# Barefoot trimmer - Lanarkshire



## WindyStacks (29 May 2014)

hi

Does anyone know of a barefoot trimmer who covers this area? Any recommendations?

I just gave Deana a call but she won't come out this way (Cumbernauld).


----------



## TPO (31 May 2014)

Sense of direction isn't my strong point but try Tamsin Coombs. She's fantastic with mine, friends now use her and she'll cover pretty much most of scotland. Tell her Jill sent you!


----------



## Brightbay (1 June 2014)

WindyStacks said:



			hi

Does anyone know of a barefoot trimmer who covers this area? Any recommendations?

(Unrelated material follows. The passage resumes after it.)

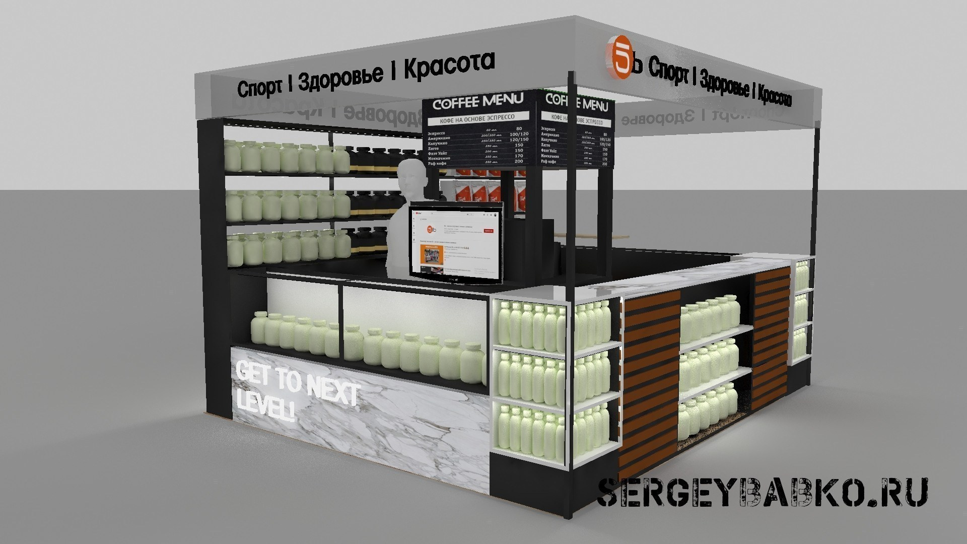 Визуализация островных магазинов 5lb для согласования застройки и утверждения c выставочной площадкой и в Торговом центре (Москва)

I just gave Deana a call but she won't come out this way (Cumbernauld).
		
Click to expand...

Central and West Scotland is poorly served.  I used Deane back when she was bonkers enough to do a 100 mile round trip to trim   I'm now DIY with advice and occasional visits from Nick Hill of CloverRose Equine.  He travels all over.


----------



## TPO (1 June 2014)

Tamsin covers Central definitely and does a far bit in the west (including the islands) if that helps at all?


----------



## WindyStacks (2 June 2014)

Thank you for all your suggestions, I actually managed to get in touch with Jane from barefootworks (I thought they only did Aberdeenshire/Highlands) and she's going to come over to start the process. Apparently it's not really the right time of year to be starting given the rich spring grass. If we can keep the movement going (ie, more of us!) hopefully it'll encourage more visits to this area.

I've done my own before (interim trims), but I'm really not happy with starting from scratch along the rehab road. So for the time being I've got to keep his shoes on. :/

Also VERY unhappy to learn yesterday (I've been overseas for years) about the working hunter rule... what's being done to fight this daftness?


----------



## Exploding Chestnuts (2 June 2014)

I suggest you start on the diet straight away and use the Rockley Farm website to learn lots of stuff.
To be honest, I would be prepared to stable and feed hay for a few hours to make it work, after all it will be a seasonal problem anyway if you have to feed hi sugar lo fibre grass.
At some stage the shoes have to come off, I would just give it a try as long as your farrier is reasonably supportive. The feet should already be balanced if he has been shod properly.
I never found a trimmer [ayrshire] and he was fine, a bit sensitive at first, but I just walked him on tarmac and let him find his own route. I managed him for barefoot, and rarely used a farrier, they were all happy with his feet, I had a rasp and used it every two weeks to make a formal check on the feet and round off the edges.
Pro hoof from pro earth, or pro balance have plenty of magnesium which is essential,  of course the minerals have to be balanced. I also fed min 50gms micronised linseed, more in winter + salt
Cavallo boots are often used for transition, but due to supply problems mine never arrived, and things improved so did not need them.
The spring flush of grass and the autumn flush both have hi sugar and lo magnesium, so at the moment things should not be too bad from now to October.


----------



## heebiejeebies (2 June 2014)

I can't find Tamsin Coombs on google, could anyone please PM me her contact details?

Thanks!


----------



## Brightbay (2 June 2014)

heebiejeebies said:



			I can't find Tamsin Coombs on google, could anyone please PM me her contact details?

Thanks!
		
Click to expand...

I think she's AANHCP, so maybe try their website for contact details?  You'll have to look for Europe and then UK, but I think she's on it


----------



## kez1001 (2 June 2014)

Another vote for Tamsin. She's been fantastic with us. We are north of glasgow but I was previously in East Kilbride and she came to us there too.


----------



## kez1001 (2 June 2014)

heebiejeebies said:



			I can't find Tamsin Coombs on google, could anyone please PM me her contact details?

Thanks!
		
Click to expand...

Will PM you


----------



## TPO (6 June 2014)

Brightbay said:



			I think she's AANHCP, so maybe try their website for contact details?  You'll have to look for Europe and then UK, but I think she's on it 

Click to expand...

Yip she's on there. She's the fifth trimmer I've used and the only one I've been happy with. It's slim pickings in scotland so I'm very grateful to have found Tamsin!

One of the trimmers mentioned on here left my horse very lame the two times I had them to trim. Everyone can make a mistake but not twice. Trimmer blamed the horse'a conformation but funnily enough no other trimmer has caused him to be sore and/or lame.

Educate yourself as much as possible so that you can make informed decisions. Rockley blog, Lucy Priory's website, Feet First, The Barefoot Horse and Pete Ramey's books and website.


----------